In [3]: print(b'This \xca works!'.decode('utf8',
'backslashreplace'))
This \xca works!

In [4]: print(b'This \xca works!'.decode('utf8', 'strict'))
----------------------------------------------------------
UnicodeDecodeError: 'utf-8' codec can't decode byte 0xca
in position 10: invalid continuation byte

Note:
There are a couple of different methods to deal with untrusted encoded data in python3. Some of the most usefull methods are these to strip out, strip and replace with a marker or to backslash escape undecodable sequences in the data.
We don't do this in polysh to not mess with the users data. What comes out of the remote shell should come out of our shell. Polysh therefore now doesn't decode any content from the remote shell anymore. Which brings me to my next topic.


String Formatting

In [1]: 'Named "{named_str}", indexed "{1}", objects
__repr__ "{obj!r}", object attributes "{obj.__class__}",
even left-padded! "{unpadded_str:>20}"').format(
   ...:     'first',
   ...:     'second',
   ...:     named_str='named',
   ...:     obj=list(),
   ...:     unpadded_str='unpadded',
   ...: )
Out[1]: 'Named "named", indexed "second", objects __repr__
"[]", objectattributes "<class \'list\'>", even left-
padded! "            unpadded"'

Note:
There are two ways in python to format a string, this is the new one I assume you have all seen and use. It uses the format function build into the python string class.
PEP3101 defined the new method and also implied that the old version would eventually be deprecated.
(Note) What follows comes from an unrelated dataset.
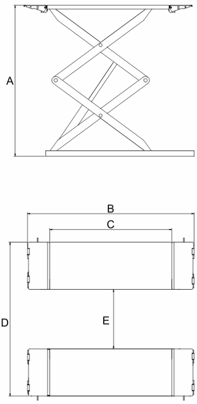 Повнопідйомний ножичний підйомник для поверхневого монтажу

Bytes formatting - doesn't work with .format()

In [1]: b'{}'.format(1)
----------------------------------------------------------
AttributeError           Traceback (most recent call last)
<ipython-input-2-3404800b9d90> in <module>()
----> 1 b'{}'.format(1)

AttributeError: 'bytes' object has no attribute 'format'

In [4]: '{}'.format(1).encode()
Out[4]: b'1'

Note:
Sadly python3 bytes don't support formatting via the new method, while python2 strings do. Luckily you can mostly use string formatting and then encode the result to bytes.
That wasn't really an option for polysh though as we often format things we received from the remote side. To format it we would first have to decode it.
Often the python3 unicode support is sold as if strings were now called bytes and unicode now called string. For the latter that's mostly true but the former got much more strict.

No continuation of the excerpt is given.